### Requirement:
Print, word for word, the opening line of the data below and every line after it through the line that contains "The PythonSource has", but not the pictures.

═════ Data provided ═════

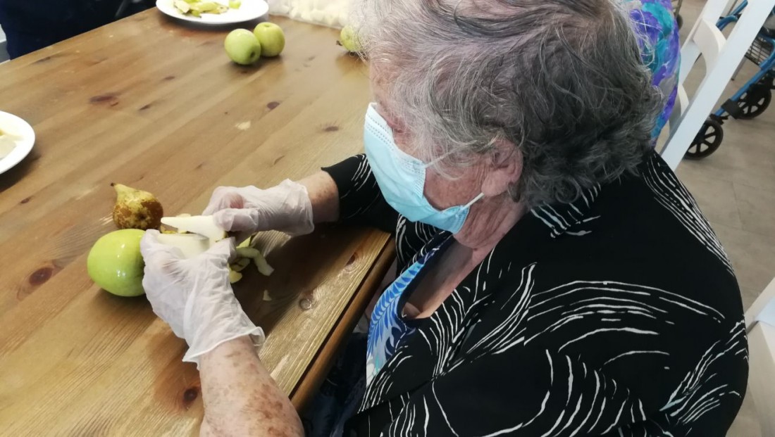 Pelem i tallem la fruita per preparar el berenar. Ens agrada ajudar en tot el que podem!!
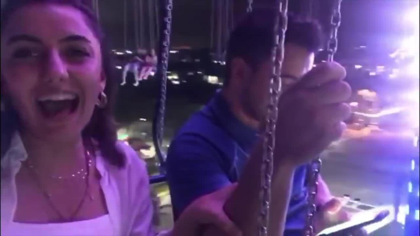 El registro pertenece a una mujer llamada Cansel Yildirim, quien se subió a una atracción de "sillas voladoras" en un parque de diversiones de Orlando. La joven comenzó a grabar un video, pero al cabo de unos minutos, por accidente suelta su teléfono, el cual comienza a dar vueltas por los aires, hasta caer al suelo.
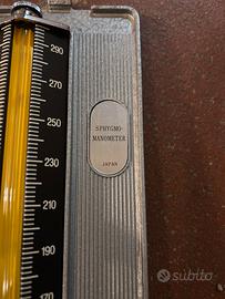 Vendo sfigmomanometro manuale a colonna con mercurio, completo di bracciale e pompetta originale.
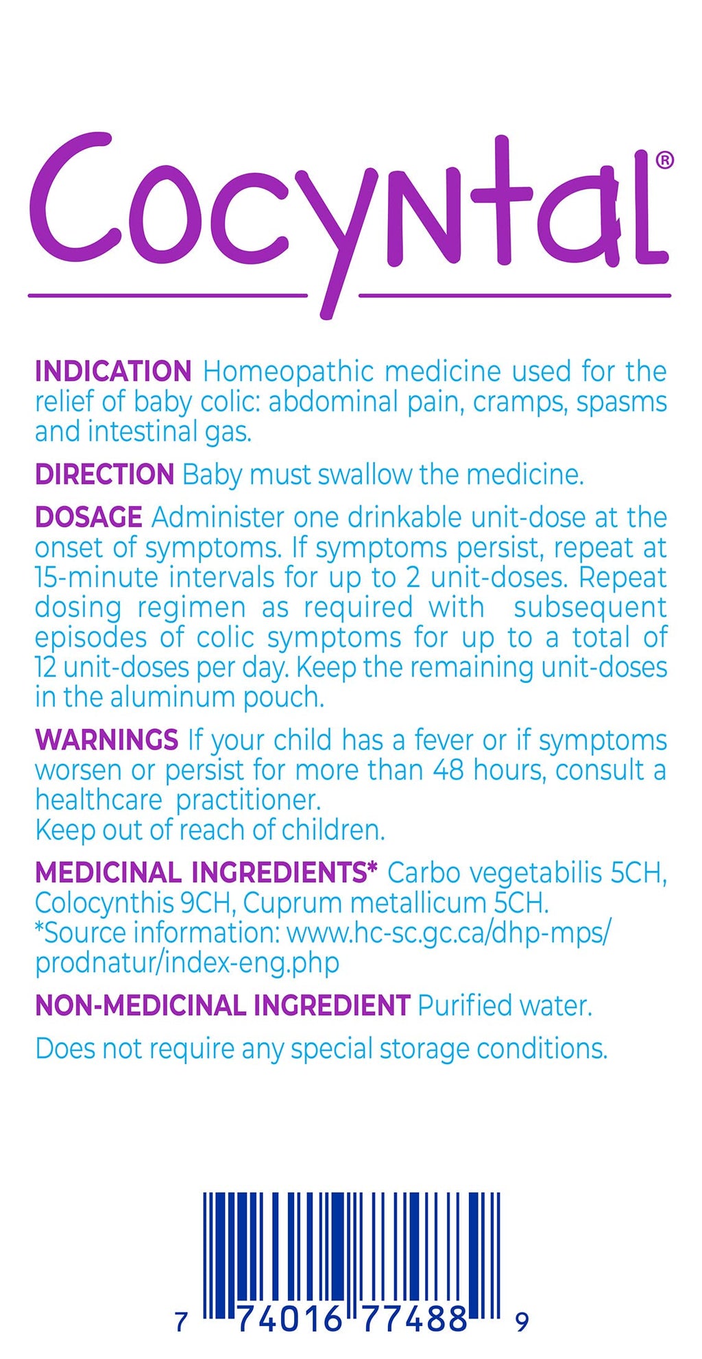 Boiron Cocyntal is a homeopathic medicine designed to help relieve baby colic symptoms, including abdominal pain, cramps, spasms, and intestinal gas. Developed for babies aged 1–6 months, each dose comes in a sterile, drinkable 1 ml unit packaged in convenient aluminum pouches. With no sugar, dyes, or preservatives, Cocyntal provides a safe and effective solution for soothing your baby’s discomfort. The portable single-dose pouches make it easy to have extra doses on hand at home or on the go.
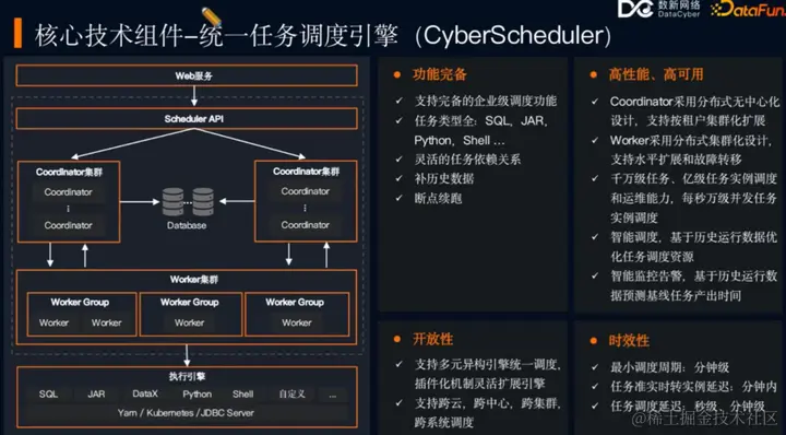 统一任务调度引擎 CyberScheduler 是大数据平台的另一个核心技术组件,它负责数仓任务的工作流调度,确保了任务的高效执行和数据流程的稳定性。CyberScheduler 的架构分为三层:
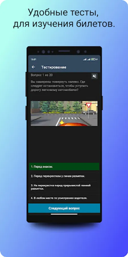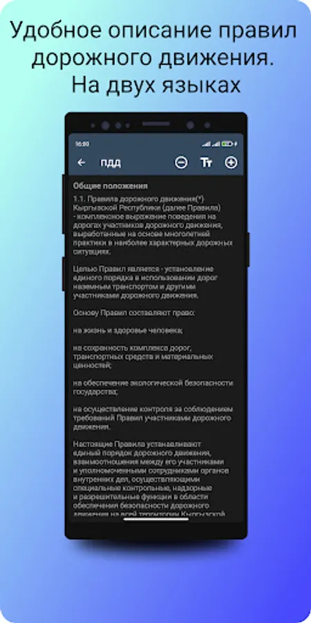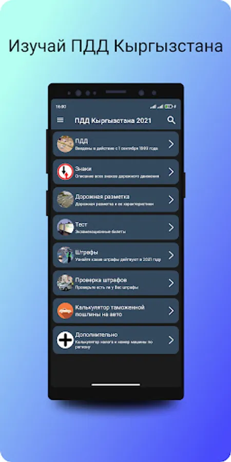A convenient application is an excellent simulator that will help you prepare for the theoretical exam on traffic rules in the traffic police of Kyrgyzstan.
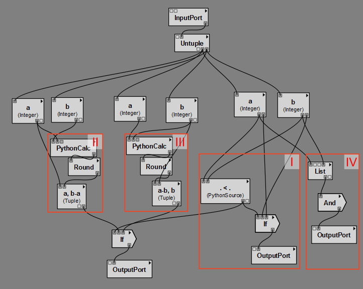 The PythonSource has two Integer inputs a and b, and a Boolean o
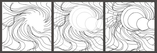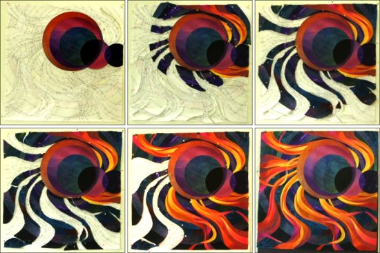 My best-known quilt of all time is probably Corona #2: Solar Eclipse, which is now in the collection of the National Quilt Museum. For my 30th anniversary show in 2013 it seemed appropriate to visit this theme again. I made a new drawing that is similar to the drawing for Corona #2, but this time it needed to fit into a perfect square so, although there are many similarities, this is a completely new drawing. I made a series of sketches until I found one that I liked. The sketch was projected onto freezer paper to make a full-sized pattern. The freezer paper was cut into individual pieces which were used as templates for cutting the fabric. The flames were drawn in sinuous curves, with ribbon shapes overlapping. The sun, moon and negative, background areas are perfect circles drawn with a compass.

═════

### Answer:
 Pelem i tallem la fruita per preparar el berenar. Ens agrada ajudar en tot el que podem!!
 El registro pertenece a una mujer llamada Cansel Yildirim, quien se subió a una atracción de "sillas voladoras" en un parque de diversiones de Orlando. La joven comenzó a grabar un video, pero al cabo de unos minutos, por accidente suelta su teléfono, el cual comienza a dar vueltas por los aires, hasta caer al suelo.
 Vendo sfigmomanometro manuale a colonna con mercurio, completo di bracciale e pompetta originale.
 Boiron Cocyntal is a homeopathic medicine designed to help relieve baby colic symptoms, including abdominal pain, cramps, spasms, and intestinal gas. Developed for babies aged 1–6 months, each dose comes in a sterile, drinkable 1 ml unit packaged in convenient aluminum pouches. With no sugar, dyes, or preservatives, Cocyntal provides a safe and effective solution for soothing your baby’s discomfort. The portable single-dose pouches make it easy to have extra doses on hand at home or on the go.
 统一任务调度引擎 CyberScheduler 是大数据平台的另一个核心技术组件,它负责数仓任务的工作流调度,确保了任务的高效执行和数据流程的稳定性。CyberScheduler 的架构分为三层:
A convenient application is an excellent simulator that will help you prepare for the theoretical exam on traffic rules in the traffic police of Kyrgyzstan.
 The PythonSource has two Integer inputs a and b, and a Boolean o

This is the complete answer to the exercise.